In Ramos’ eyes, a big reason that the relationship works so well is that they have a shared ambition to do work that sticks out and permeates into culture.
“We don’t need to convince each other that creativity is important,” notes Ramos, who partnered with Machado recently for a well-received Call of Duty campaign—a first between Activision Blizzard and Gut. “We know that creativity drives business, so we’re constantly talking about ideas and how to make them happen.”
“[That relationship] has brought Anselmo more opportunity, more fame and, probably, more joy,” adds Cavallo.
What’s crucial in a sound relationship like this (or at any agency, for that matter) is the idea of a partnership versus a vendor relationship.
“Some agencies may be fine with a vendor relationship,” says Ramos. “But I feel like it should always make sense for both sides.
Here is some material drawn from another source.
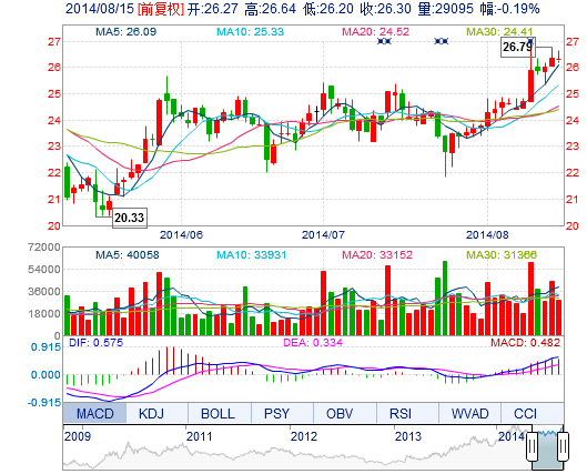 | 最 低: | 26.20 | 總市值: | 171.86億 | 市凈率: | 9.45 |

If both sides want to do outstanding work, then you see the shared ambition, and it can be remarkably successful for everyone.”
“I was once called out by Kofi after posting something on LinkedIn, referring to DoorDash as a client,” says Cavallo. “In the comments, he wrote: ‘We’re not your clients, we are your partners.’ That was yet another reason I respect him and all of our partners like this. He did that for everyone to see. What’s tough is that a lot of clients treat agencies as vendors, and we need to stick up for ourselves.”
Putting People First
Minjae Ormes, LinkedIn VP of Marketing, Global Brand and Consumer, agrees that the personal aspect of building a partnership is what can lead to something much more meaningful and successful.
“If you look at the brand first and people second, then your change elements are the brand and whoever happens to be there,” she says. “If you look at the people first, then you become the change element and can better understand the business challenges and how to identify and solve for them.”
In Ormes’ mind, a fruitful relationship should start with an agency building trust with a brand and the understanding that a genuine partnership goes beyond a transaction into something bigger and seamless.
Dave Edwards, EVP of Global Growth at consultancy R3, recently saw such a phenomenon while vetting agencies for a new piece of business for a brand client. According to Edwards, the winning agency’s ability to act as an extension of the brand team while also respectfully challenging them is what sealed the deal.
“I hear this every once in a while, where a marketer says that the agency — and its specific strategy and creative people — make a huge difference. I was told, ‘I don’t know where my company ends and my agency starts,’” notes Edwards.